How many of you were ever sent on The Great Snipe Hunt when you were a kid?
The perfect adult ruse; get the kids involved in a mythical animal hunt-outdoors. Beer may have been involved...
"OK, kids. I have heard that there are snipe in these woods. I have only seen one once, when I was a kid... They are little animals -or- they're huge beasts! It was white. Or yellow. Or brown. Cute, or scary.
In order to flush them out of the bushes, you have to imitate their call: ka-kaw, or maybe mmmmmph, mmmph. Now, here are your flashlights...Go hunt!"
Well, leave it to my husband to take the snipe mythology a step further.
We were sitting around the campfire on the Olympic Penninsula of Washington state. (Near Forks, in fact, but before Twilight came out-cause then we would have stayed in Forks, of course).

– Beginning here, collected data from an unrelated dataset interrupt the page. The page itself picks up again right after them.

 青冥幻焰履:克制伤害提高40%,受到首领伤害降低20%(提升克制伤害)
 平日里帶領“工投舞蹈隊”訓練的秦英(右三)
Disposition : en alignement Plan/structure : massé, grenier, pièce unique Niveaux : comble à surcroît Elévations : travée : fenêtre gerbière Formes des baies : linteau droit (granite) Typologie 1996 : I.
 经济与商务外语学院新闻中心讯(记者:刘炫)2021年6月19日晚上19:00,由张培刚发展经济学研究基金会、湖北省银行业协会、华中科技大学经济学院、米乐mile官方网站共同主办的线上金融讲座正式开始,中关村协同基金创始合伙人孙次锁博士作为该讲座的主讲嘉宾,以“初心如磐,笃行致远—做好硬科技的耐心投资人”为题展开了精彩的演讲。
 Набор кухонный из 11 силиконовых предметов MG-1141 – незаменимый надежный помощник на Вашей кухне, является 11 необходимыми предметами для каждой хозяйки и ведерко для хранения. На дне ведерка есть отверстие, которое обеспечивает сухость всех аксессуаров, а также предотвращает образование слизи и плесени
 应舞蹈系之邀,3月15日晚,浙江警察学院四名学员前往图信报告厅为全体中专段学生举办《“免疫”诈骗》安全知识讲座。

Scott says, "Sssshhhh, listen." Farts. Then says, "oooh, did you hear that? That was the mating call of the Western Washington Fart Snipe."
Thus began the new lore.
While at home, we are treated to the call of the Des Plaines River Basin Fart Snipe.

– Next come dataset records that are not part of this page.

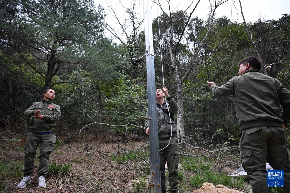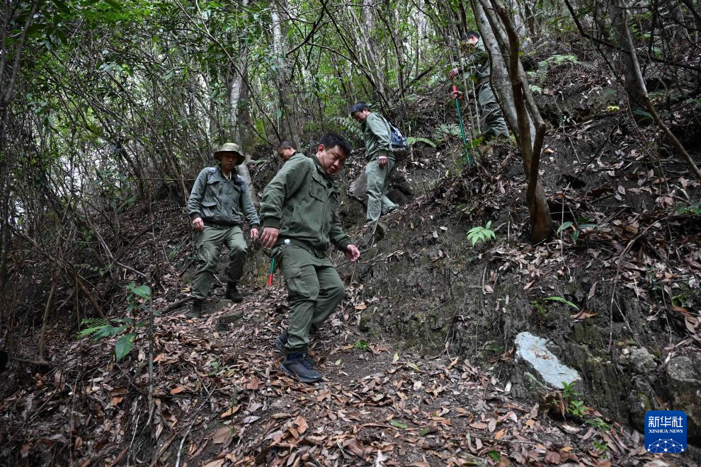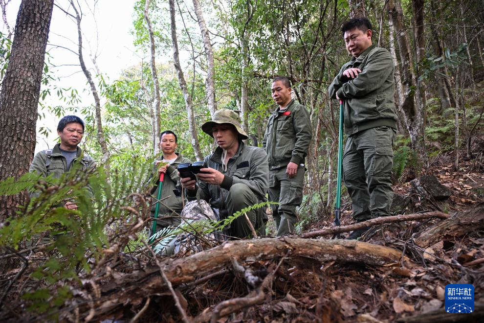 3月17日,广东省乳阳林场八宝山管护站护林员在鸡公坑便道巡山途中,周智鹏(中)在准备红外相机。新华社记者 邓华 摄
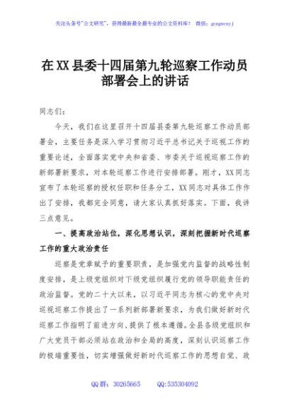 / 在XX县委十四届第九轮巡察工作动员部署会上的讲话
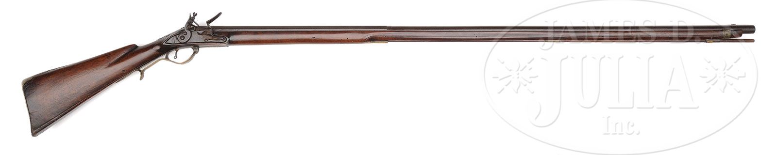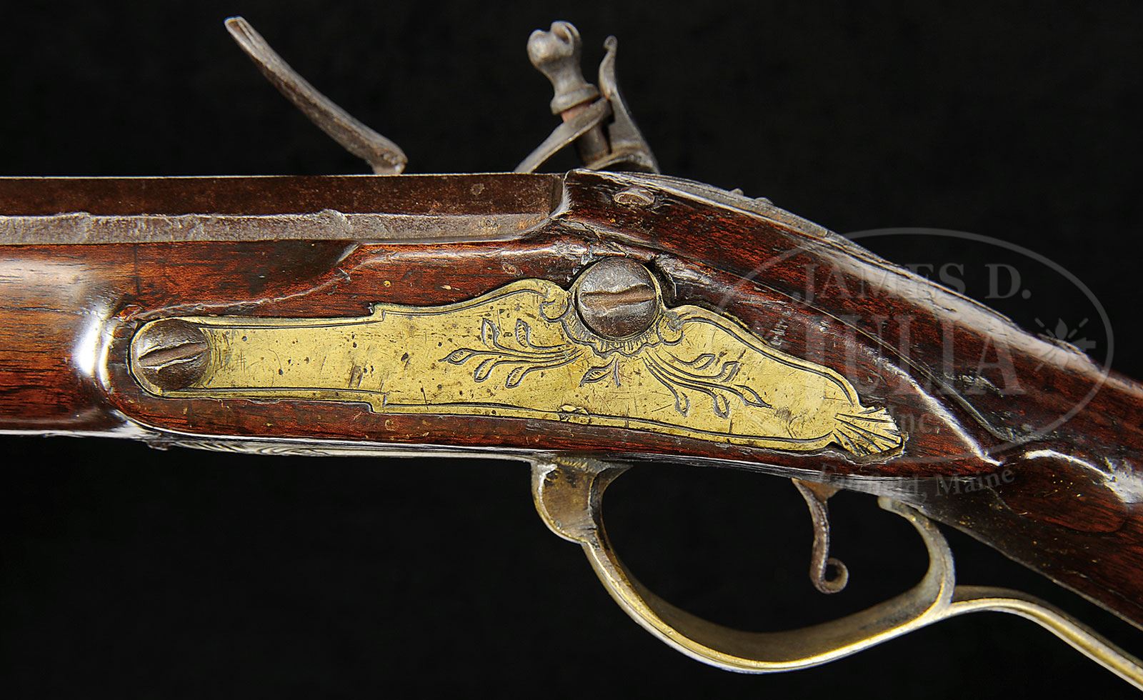 EXTREMELY EARLY PRE-REVOLUTION WAR PERIOD GERMANIC STYLE AMERICAN MADE FOWLER.SN NSN. Cal. 60 smooth bore. 47-1/2″ Bbl transitions from oct at breech with wedding band to rnd toward muzzle, and is unmarked. Hand-forged unmarked German style lock. Fine American walnut stock extends to within 1-1/2″ of muzzle, is pinned to bbl and has sheet brass wrap 1-1/2″ back from tip. There is a plain rebated molding along ramrod channel ending in incised foliate finial behind ramrod entrance ferrule. There is a similar incised carved design treatment forward of the front trigger guard flange. There are American style beavertails behind the lockplate mortises. Raised carved sprays of scrolled acanthus behind bbl tang as well as behind cheekpiece. There are staples for vent pick under cheekpiece. An incised line runs along sides of flat toe line. The buttplate trigger guard and sideplate are heavily engraved and of European style. New hickory ramrod. The cheekpiece is very heavy and pronounced, again in the European Germanic style. This gun has American wood, an American lock, no European proof marks and is most likely a Revolutionary War period American piece. PROVENANCE: Collection of Dr. Douglas Sirkin. CONDITION: Good. Bbl and lock are dark brown patina. Stock is smooth with fine hand wear. New pieces have been let in along bbl channel, mostly on right side. Some new wood has been let in around lockplate. A crack from rear lock screw above sideplate has been repaired using a hand forged nail. Furniture is a mottled light mustard color which is correct for the period. 4-49909 MGM281 (8,000-15,000) – Lot 1495 Click here to view provenance
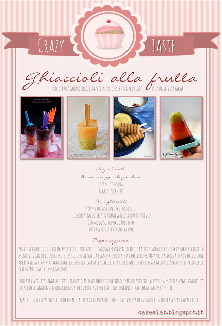 Finalmente è arrivato luglio e con lui possiamo dare definitivamente il benvenuto all’estate! Noi del Cakes Lab abbiamo deciso di celebrare questa stagione scegliendo di testare un libro il cui titolo promette di deliziare e rinfrescare la nostra e la vostra estate si tratta di “Ghiaccioli. E tanti altri dessert da brivido” di Sunil Vijayakar. Per darvi un assaggio delle tante ricette che si trovano in questo libro coloratissimo abbiamo scelto di proporvi per il Crazy Taste dei semplici ghiaccioli alla frutta di cui, partendo dalla ricetta base che trovate nella locandina del crazy taste, potrete divertirvi a creare le vostre varianti come abbiamo fatto anche noi. Ricordatevi però di non snaturare la ricetta base, di mantenere invariate le proporzioni degli ingredienti e di utilizzare nella preparazione gli ingredienti che non sono facoltativi o che non possono essere variati.

In Michigan, the dreaded Leelanau Peninsula Fart Snipe bekons.
Last month, we were introduced to the Coastal Carolina Fart Snipe. When Scott went to Colorado, we received a text from him. He had heard the Rocky Mountain Fart Snipe calling.
After reading the text, Sam looked at me, and whispered, "Mom, is there such thing as a fart snipe?"
Oh, fart snipe. We may never see you, but we hear you call, and at times, can tell by the odor in the air, that you are near.